Negan recibe a Maggie diciéndole “Michonne tiene la espada pero tú tienes el fuego”. Inmediatamente después, la provoca recordándole la muerte de Glenn. Le dice lo mucho que disfrutó matando a su marido. Está provoncándola y Maggie es consciente de ello. Por un momento parece que, por fin, Maggie obtendrá la venganza que desea. Pero antes, Maggie le pide que se muestre a la luz. Quiere verle antes de asestarle el golpe definitivo. Cuando por fin ve a Negan se encuentra con un hombre desquiciado, una sombra de lo que fue. Puede sentir que el castigo impuesto por Rick es peor para Negan que la propia muerte. Negan le suplica que le maté, de esa forma podrá volver a estar con su esposa, Lucille. Pero Maggie ha venido a acabar con Negan y éste no se encuentra en el hombre que tiene delante. Vuelve a encerrarle en su celda y se marcha. Al regresar junto a Michonne reciben la noticia de que ha pasado algo en el Campamento. Rápidamente cogen sus armas y se dirigen hacia allí.

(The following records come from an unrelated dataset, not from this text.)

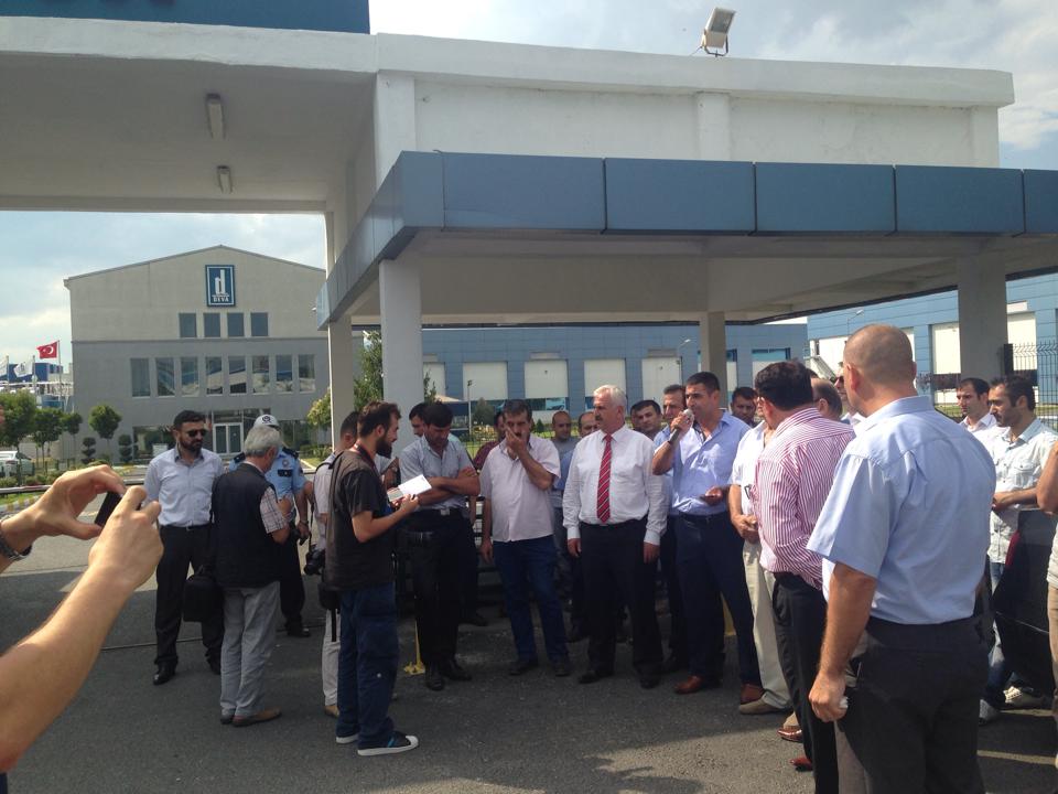 Fabrika önündeki basın açıklamasına İstanbul 1 No’lu şube başkanımız Ahmet Baranlı, Trakya şube başkan yardımcımız Hasan Oğuz Keser, örgütlü olduğumuz Polimer, Elba Bant ve Jotun Toz Boya’da çalışan üyelerimiz ve işyeri temsilcileri, Türk-İş İstanbul Birinci Bölge Temsilcisi Faruk Büyükkucak, Türk-İş Tekirdağ il temsilcisi ve Türk Metal Sendikası Çerkezköy şube başkanı Murat Koçak, Teksif Sendikası Çerkezköy şube başkanı Mürsel Türkkan, Belediye –İş Sendikası Trakya şube başkanı Aziz Akyat, Türk Harb-İş Sendikası Çorlu şube başkanı Mustafa Şener, Koop-İş Sendikası Tekirdağ şube başkanı Ziya Üzmez katıldı.
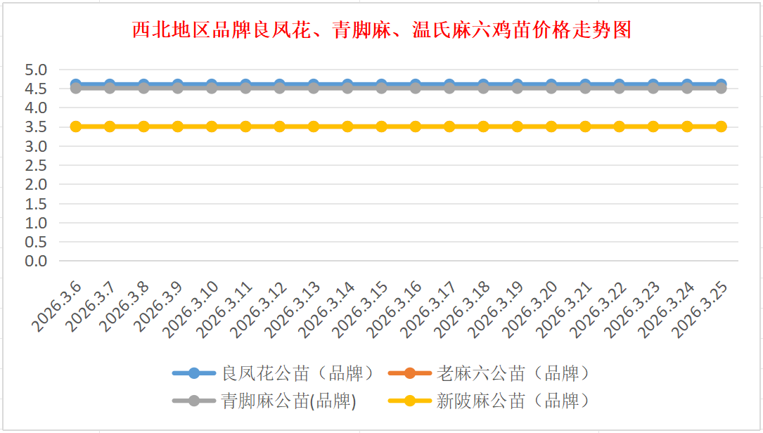 品牌新陂麻:价格稳定,到户价公苗4.50元/羽,稳。
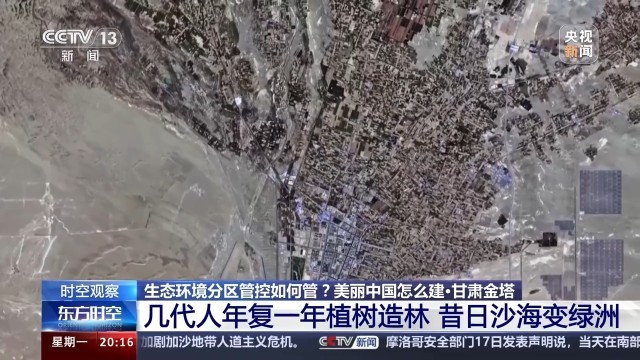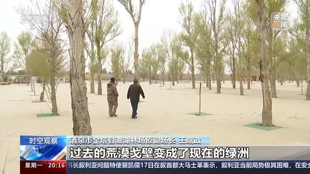 甘肅酒泉金塔縣潮湖林場(chǎng)副場(chǎng)長(zhǎng) 王端政:過(guò)去的沙進(jìn)人退變成了現(xiàn)在的人進(jìn)沙退,過(guò)去的荒漠戈壁變成了現(xiàn)在的綠洲,現(xiàn)在金塔的生態(tài)環(huán)境得到了很大的改善。
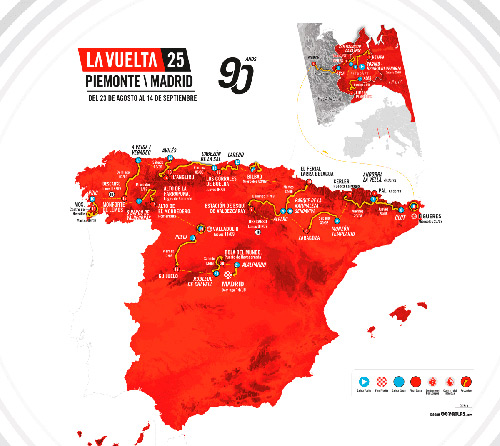 La carrera partirá el 23 de agosto de 2025 de Turín (Italia) y acabará el 14 de septiembre en Madrid. En total, 15 de las 21 etapas están catalogadas de media o alta montaña
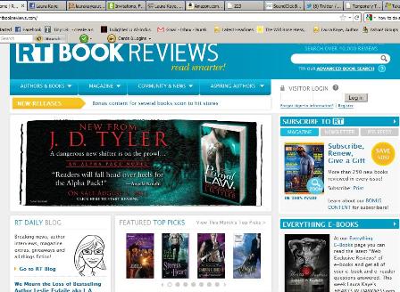 For MJ and Caden it is not love at first sight, it's love at first conversation. Because neither can see each other, their attraction is based on more than just physical appearances. Caden becomes enamored by M.J.'s smart mouth and spunky personality. And MJ immediately recognizes Caden as a sweet, funny and caring man. So when Caden's looks are revealed — tattoos, piercing, scars and all — MJ, and the reader, know that he is heroic in all the ways that matter. Get ready for a unique tale that will have you swooning for this very unusual hero.And, if THAT wasn't exciting enough, HEARTS also got featured on the RT Book Reviews Home Page! I had to screen capture it!

Mientras tanto, Rick continúa su marcha a duras penas a lomos de su caballo. Vuelve a desmayarse y esta vez vuelve a la granja de Hershel. Juntos observan el atardecer. Rick se disculpa con él por la muerte de Beth y por todas las pérdidas que ha tenido que sufrir Maggie. Hershel por su parte le dice que está orgulloso de su nieto. Rick le confiesa que está cansado y vuelve a desmayarse. Esta vez le vemos de vuelta al hospital, abriendo la puerta que anuncia que la muerte está fuera. Rick la abre y sale a un mundo en el que solo hay cadáveres en el suelo. Allí se encuentra con Sasha que le dice que no tiene que buscar a su familia porque nunca la ha perdido. Le hace entender que las personas se intercambian unas por otras, cada una de ellas jugando su papel en la vida y dejando su propia huella en el resto. De ese modo, nunca es el final absoluto de nadie porque nunca mueren del todo. Su impronta en el resto permanece.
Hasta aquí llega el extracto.